» WORK REQUIRED
Print all entries below exactly, without images.

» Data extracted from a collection
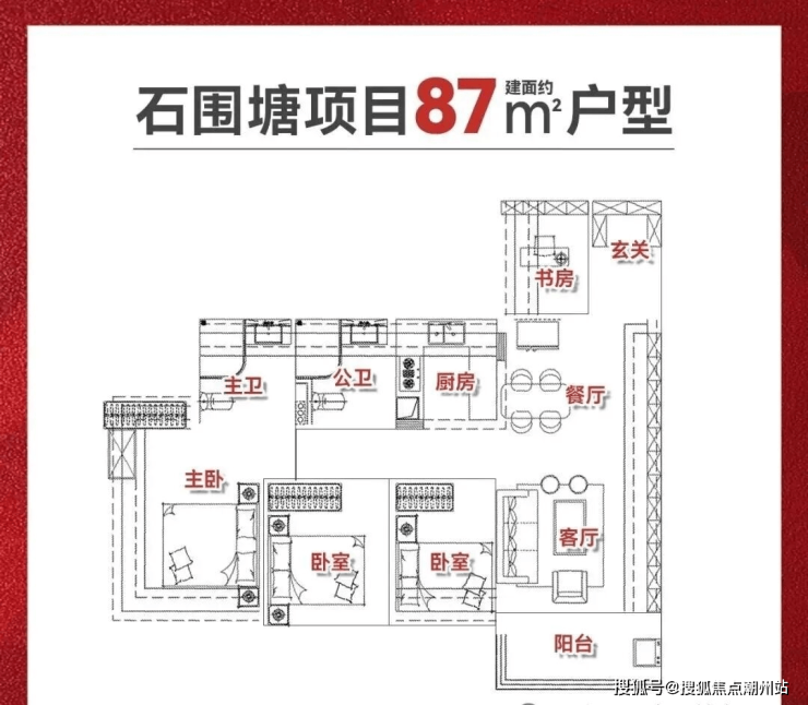 当中,77平三房带2卫,88平户型可做四房,有竖厅和南北对流两个版本可选;106平四房户型,四开间朝南,带超长景观阳台。因为项目只有两栋楼,两栋都是26层高、2梯5户设计,算下来,总货量只有约240套。约87…
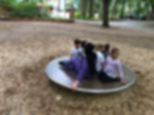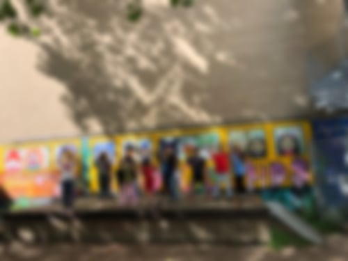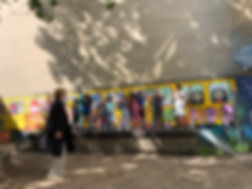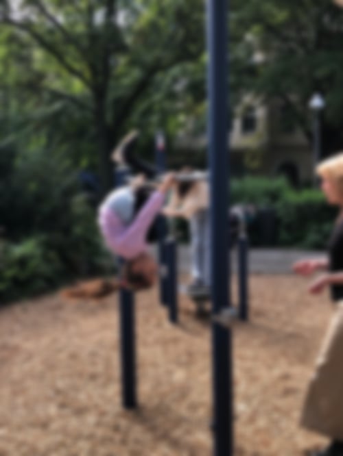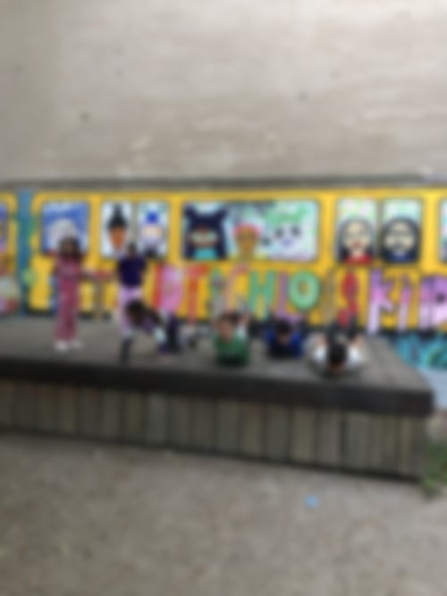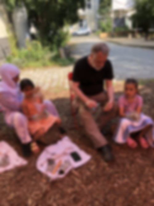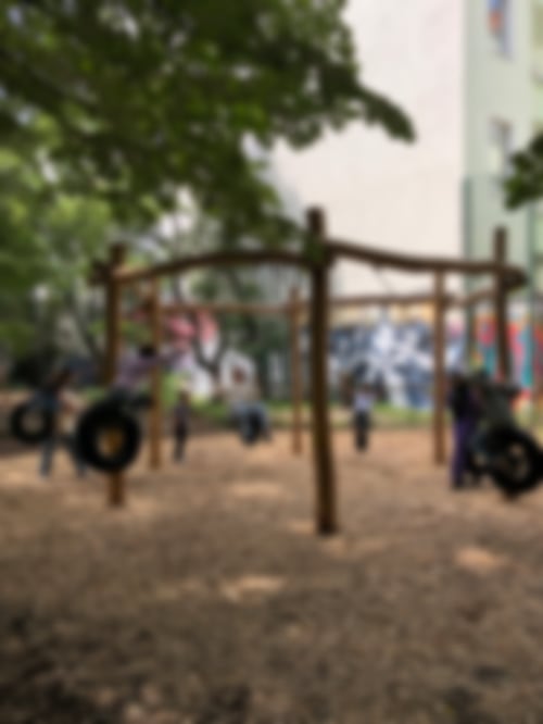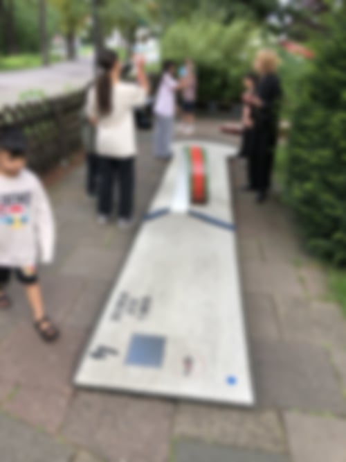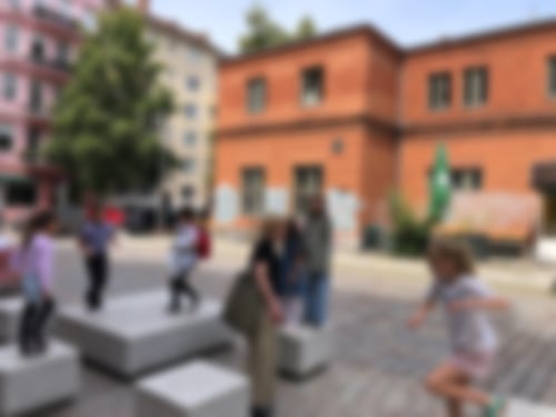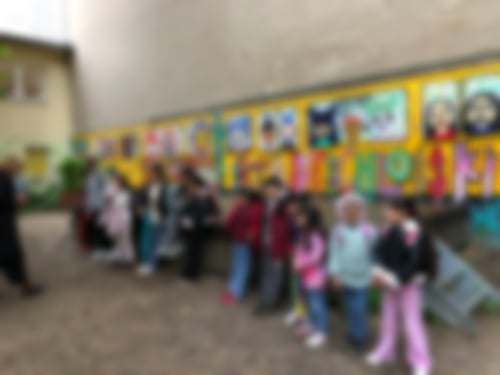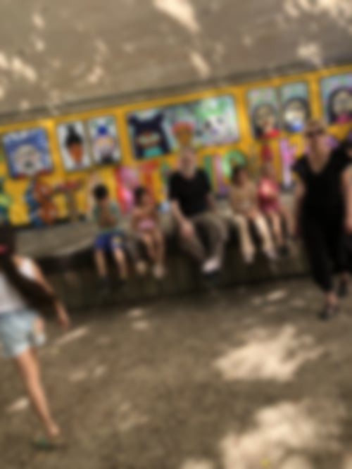 haben die künstlerische Arbeit bewundert. Dann sind wir zu verschiedenen Spielplätzen
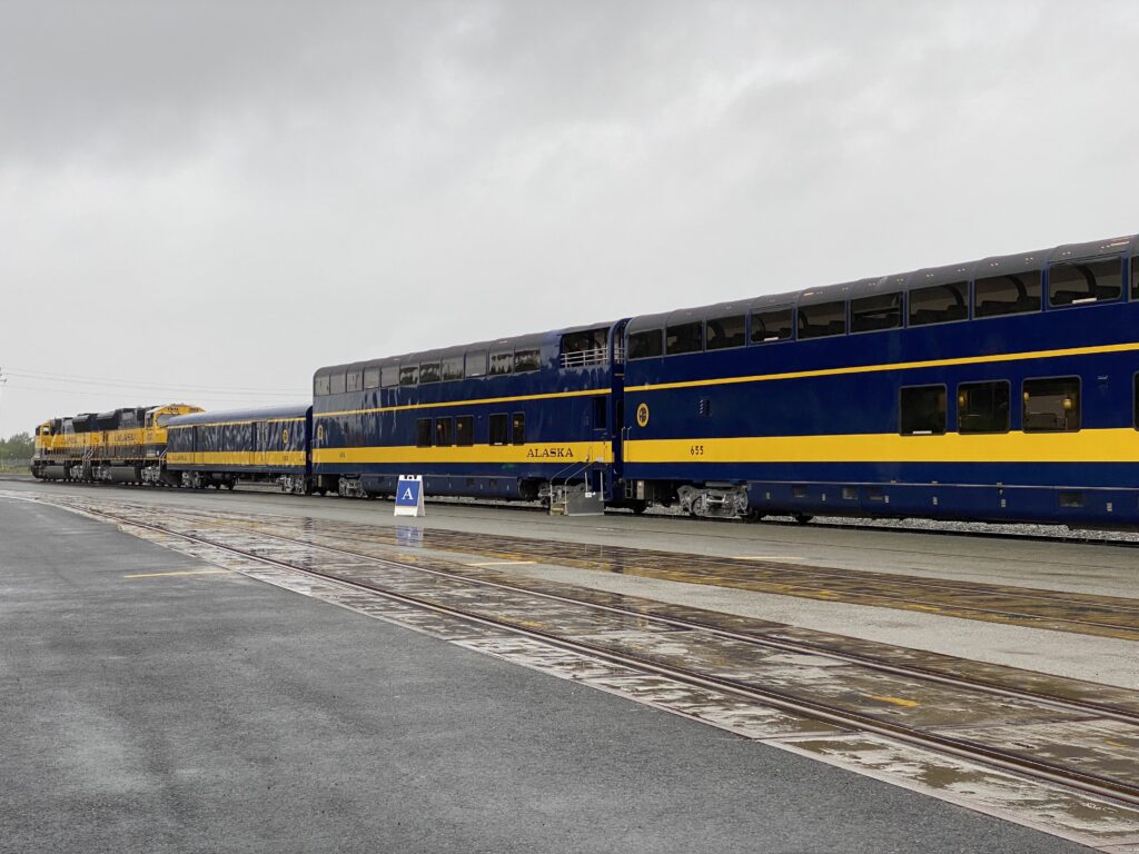 Ninja tips: The train leaves Anchorage at 6:50am and comes back at 6:00pm. There was a shuttle when we got off to take us to the port and back again, which was great but there was no time in between to walk around. On the train, there is a cafe that offers drinks and limited food service.  If you have Goldstar tickets, you sit in luxury cars and can go to the dining car.  We didn’t purchase these as they are pretty expensive.  The last car has an open-air balcony to stand on.
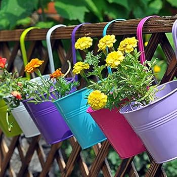 Amazon Com Cabilock 3pcs Metal Iron Hanging Flower Pot Vase Balcony Garden Plant Patio Planter Wall Hanging Metal Bucket Flowers Holders Home Decor Assorted Color
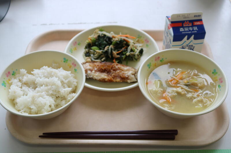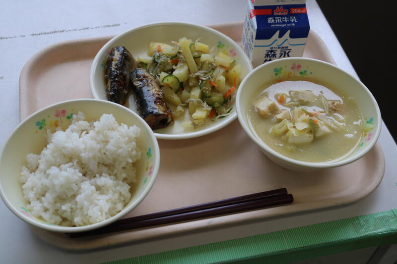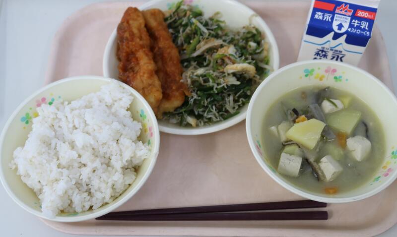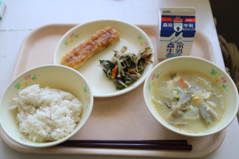 今日の献立は【牛乳、むぎご飯、みそ汁、いわしの生姜煮、じゃこじゃがサラダ】です。いわしの生姜煮は、身の詰まった「いわし」に生姜ベースのタレが絡んでおり、まさに【ご飯のお供】という表現が合うような美味しさでした。じゃこじゃがサラダは、一口大にカットされたジャガイモに加え、たくさん入っていた「じゃこ」が風味を引き出していたため、とても食べ応えがありました。具だくさんの味噌汁にはダシに「いりこ」が使われていました。身も心も温かくなるような優しい味でとても美味しかったです。今日も美味しい給食に感謝・感謝です。
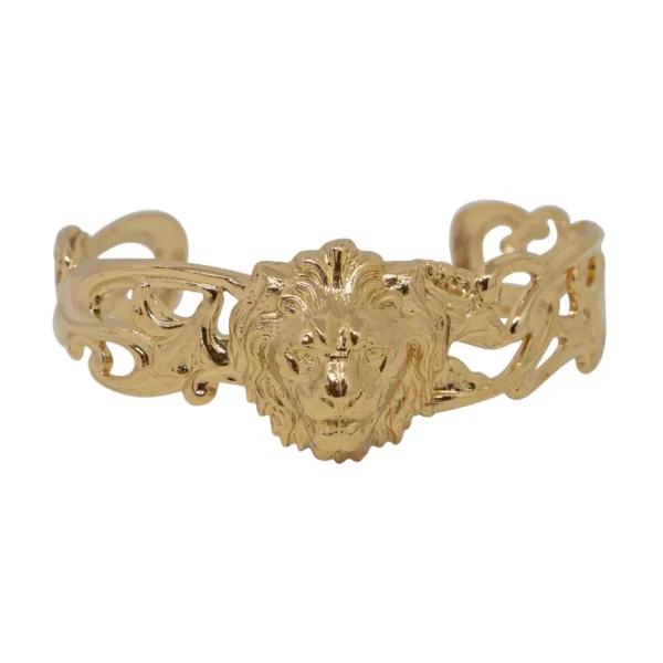 Bracelet Lion Doré- Bracelet doré or fin, patiné- Bracelet ajustable- Sans Nickel- Livré avec une pochette tissée m…
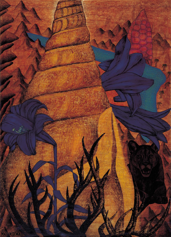 台灣當代畫家畫風的時代性與社會性非常強烈,1987年台灣解嚴對台灣當代文化的發展是一個非常重要的轉捩點,由此導致的上世紀90年代初至90年代中期的台灣當代藝術發展,和這一股大潮流鼎肩同在,批判政治與社會的藝術作品充份反映了這個時期的社會狀況。而經由光影精確畫出眼前所見的畫風,再經由內心穿越色彩,強烈表達自我思考的風格,是早期台灣當代藝術群體──悍圖社的典型風格。從1996年的「大圓地誌」系列開始,楊茂林開始把卡通漫畫人物放到我的創作中,作為具有重要意義的圖像;身為悍圖社的藝術家之一,在此之前,楊茂林延續至今的內省、自覺、批判與細膩的畫風,創作出強而有力且具時代風格的心靈折射作品,是藝術家始終如一的精神訴求。在此幅創作於1992年的《員山紀事L9215》作品中,藝術家通過放大的植物狀態,誇張的表現手法,以植物超越尋常的錐般外型,表達出生命力的剛強,影射鄉土生活及台灣人民的堅韌,蘊含強烈的時代性。
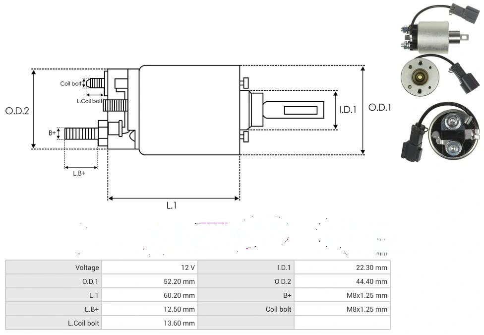 Starter solenoids Voltage [ V ] 12 I.D.1 [ mm ] 22.30 O.D.1 [ mm ] 52.20 O.D.2 [ mm ] 44.40 L.1 [ mm ] 60.20 B+ [ mm ] M8x1.25 L.B+ [ mm ] 12.50 Coil bolt [ mm ] M8x1.25 L.Coil bolt [ mm ] 13.60
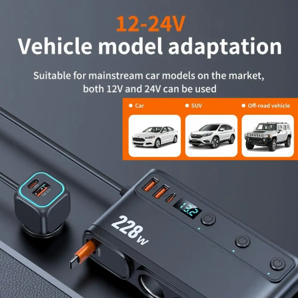 228W Car Charger Adapter 9 in 1 PD 3 Socket Cigarette Lighter Splitter Charge Independent Switches 12V 24V Fast Charger
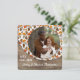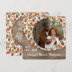 Unikt kort för helgdag av klass, trendig, söt och dekorativ Thanksgiving. Cute WITH KÄRLEK FROM text and room to custom with a phop and namn (or family namn) of you selected. Med klassisk varm orange under hösten ser rött och brunt botaniskt löv mönster och ett bondgård i stil förstrött träbakgrund ut. Och ett anpassade som tänker sig att falla hälsning dikt på kortets baksida.
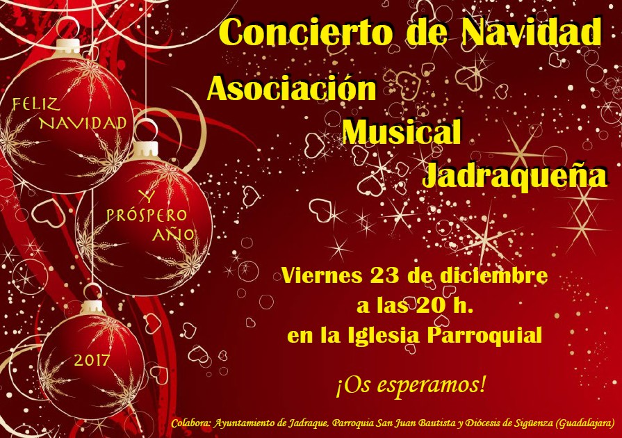 Concierto de Navidad Publicación de la entrada:24 diciembre 2016 Categoría de la entrada:Fiestas Emocionante concierto de Navidad de la Banda de la Asociación Musical Jadraqueña. Enhorabuena a los músicos de todas las edades. Feliz Navidad a todos. También podría gustarte Peña Taurina 15 noviembre 2014 Bendición de campos 1 mayo 2017 Fiesta Jubilados 20 febrero 2020

» TASK SOLUTION
 当中,77平三房带2卫,88平户型可做四房,有竖厅和南北对流两个版本可选;106平四房户型,四开间朝南,带超长景观阳台。因为项目只有两栋楼,两栋都是26层高、2梯5户设计,算下来,总货量只有约240套。约87…
 haben die künstlerische Arbeit bewundert. Dann sind wir zu verschiedenen Spielplätzen
 Ninja tips: The train leaves Anchorage at 6:50am and comes back at 6:00pm. There was a shuttle when we got off to take us to the port and back again, which was great but there was no time in between to walk around. On the train, there is a cafe that offers drinks and limited food service.  If you have Goldstar tickets, you sit in luxury cars and can go to the dining car.  We didn’t purchase these as they are pretty expensive.  The last car has an open-air balcony to stand on.
 Amazon Com Cabilock 3pcs Metal Iron Hanging Flower Pot Vase Balcony Garden Plant Patio Planter Wall Hanging Metal Bucket Flowers Holders Home Decor Assorted Color
 今日の献立は【牛乳、むぎご飯、みそ汁、いわしの生姜煮、じゃこじゃがサラダ】です。いわしの生姜煮は、身の詰まった「いわし」に生姜ベースのタレが絡んでおり、まさに【ご飯のお供】という表現が合うような美味しさでした。じゃこじゃがサラダは、一口大にカットされたジャガイモに加え、たくさん入っていた「じゃこ」が風味を引き出していたため、とても食べ応えがありました。具だくさんの味噌汁にはダシに「いりこ」が使われていました。身も心も温かくなるような優しい味でとても美味しかったです。今日も美味しい給食に感謝・感謝です。
 Bracelet Lion Doré- Bracelet doré or fin, patiné- Bracelet ajustable- Sans Nickel- Livré avec une pochette tissée m…
 台灣當代畫家畫風的時代性與社會性非常強烈,1987年台灣解嚴對台灣當代文化的發展是一個非常重要的轉捩點,由此導致的上世紀90年代初至90年代中期的台灣當代藝術發展,和這一股大潮流鼎肩同在,批判政治與社會的藝術作品充份反映了這個時期的社會狀況。而經由光影精確畫出眼前所見的畫風,再經由內心穿越色彩,強烈表達自我思考的風格,是早期台灣當代藝術群體──悍圖社的典型風格。從1996年的「大圓地誌」系列開始,楊茂林開始把卡通漫畫人物放到我的創作中,作為具有重要意義的圖像;身為悍圖社的藝術家之一,在此之前,楊茂林延續至今的內省、自覺、批判與細膩的畫風,創作出強而有力且具時代風格的心靈折射作品,是藝術家始終如一的精神訴求。在此幅創作於1992年的《員山紀事L9215》作品中,藝術家通過放大的植物狀態,誇張的表現手法,以植物超越尋常的錐般外型,表達出生命力的剛強,影射鄉土生活及台灣人民的堅韌,蘊含強烈的時代性。
 Starter solenoids Voltage [ V ] 12 I.D.1 [ mm ] 22.30 O.D.1 [ mm ] 52.20 O.D.2 [ mm ] 44.40 L.1 [ mm ] 60.20 B+ [ mm ] M8x1.25 L.B+ [ mm ] 12.50 Coil bolt [ mm ] M8x1.25 L.Coil bolt [ mm ] 13.60
 228W Car Charger Adapter 9 in 1 PD 3 Socket Cigarette Lighter Splitter Charge Independent Switches 12V 24V Fast Charger
 Unikt kort för helgdag av klass, trendig, söt och dekorativ Thanksgiving. Cute WITH KÄRLEK FROM text and room to custom with a phop and namn (or family namn) of you selected. Med klassisk varm orange under hösten ser rött och brunt botaniskt löv mönster och ett bondgård i stil förstrött träbakgrund ut. Och ett anpassade som tänker sig att falla hälsning dikt på kortets baksida.
 Concierto de Navidad Publicación de la entrada:24 diciembre 2016 Categoría de la entrada:Fiestas Emocionante concierto de Navidad de la Banda de la Asociación Musical Jadraqueña. Enhorabuena a los músicos de todas las edades. Feliz Navidad a todos. También podría gustarte Peña Taurina 15 noviembre 2014 Bendición de campos 1 mayo 2017 Fiesta Jubilados 20 febrero 2020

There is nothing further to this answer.